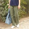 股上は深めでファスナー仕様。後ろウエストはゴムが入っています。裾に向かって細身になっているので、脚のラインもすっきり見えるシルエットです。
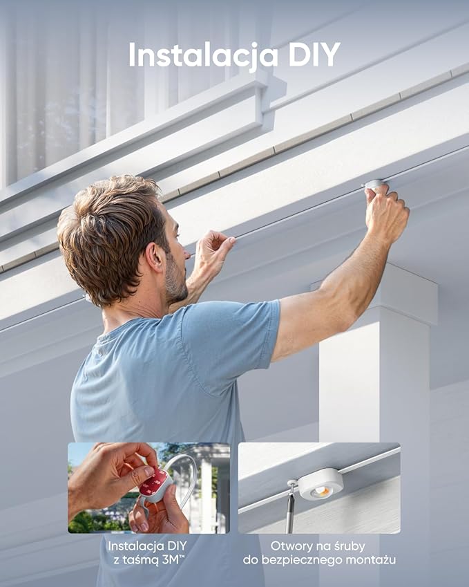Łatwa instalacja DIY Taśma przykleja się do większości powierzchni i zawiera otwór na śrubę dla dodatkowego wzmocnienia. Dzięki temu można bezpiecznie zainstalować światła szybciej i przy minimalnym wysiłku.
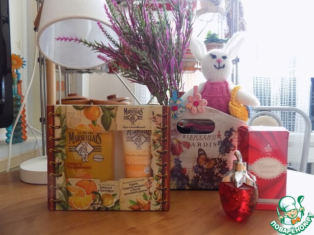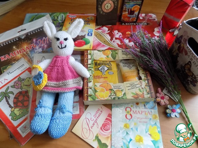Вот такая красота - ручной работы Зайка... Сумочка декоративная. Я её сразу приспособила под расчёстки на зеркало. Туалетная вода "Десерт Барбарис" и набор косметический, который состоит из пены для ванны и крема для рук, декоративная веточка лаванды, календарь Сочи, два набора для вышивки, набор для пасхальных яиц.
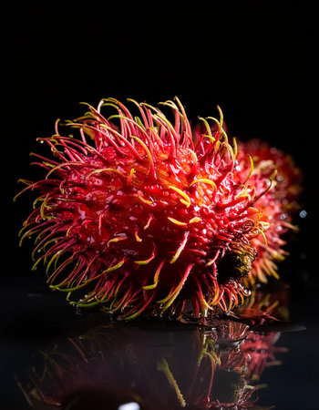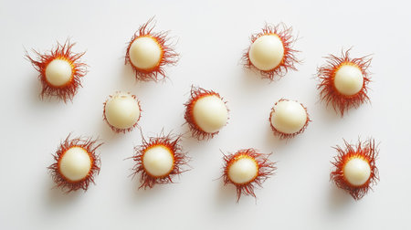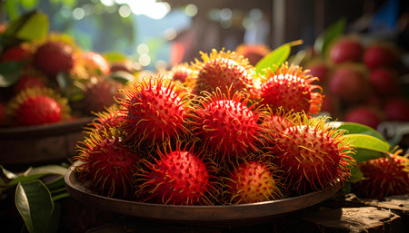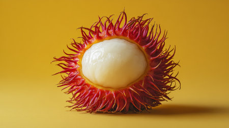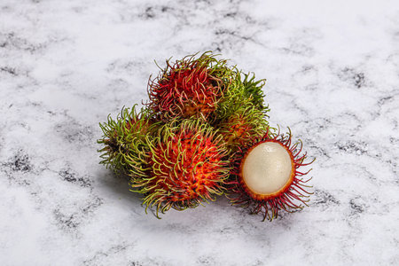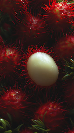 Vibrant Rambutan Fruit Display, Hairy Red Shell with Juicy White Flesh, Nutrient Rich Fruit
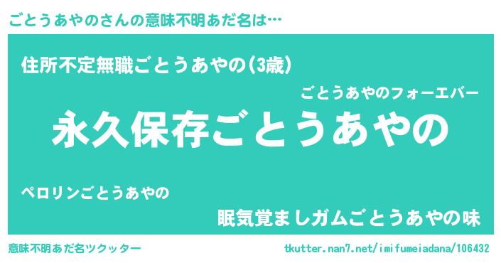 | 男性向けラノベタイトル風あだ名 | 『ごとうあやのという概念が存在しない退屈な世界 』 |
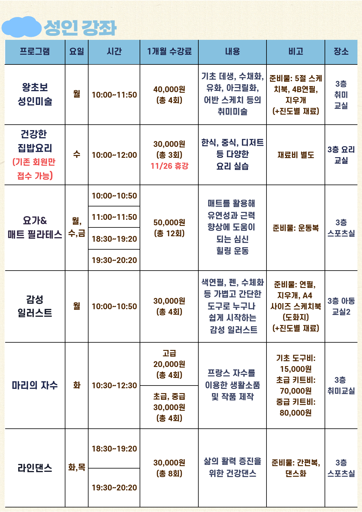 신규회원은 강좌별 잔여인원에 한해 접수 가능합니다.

Exercise goal
Copy out all the data exactly. No images belong in the copy.

Written response
 股上は深めでファスナー仕様。後ろウエストはゴムが入っています。裾に向かって細身になっているので、脚のラインもすっきり見えるシルエットです。
Łatwa instalacja DIY Taśma przykleja się do większości powierzchni i zawiera otwór na śrubę dla dodatkowego wzmocnienia. Dzięki temu można bezpiecznie zainstalować światła szybciej i przy minimalnym wysiłku.
Вот такая красота - ручной работы Зайка... Сумочка декоративная. Я её сразу приспособила под расчёстки на зеркало. Туалетная вода "Десерт Барбарис" и набор косметический, который состоит из пены для ванны и крема для рук, декоративная веточка лаванды, календарь Сочи, два набора для вышивки, набор для пасхальных яиц.
 Vibrant Rambutan Fruit Display, Hairy Red Shell with Juicy White Flesh, Nutrient Rich Fruit
 | 男性向けラノベタイトル風あだ名 | 『ごとうあやのという概念が存在しない退屈な世界 』 |
 신규회원은 강좌별 잔여인원에 한해 접수 가능합니다.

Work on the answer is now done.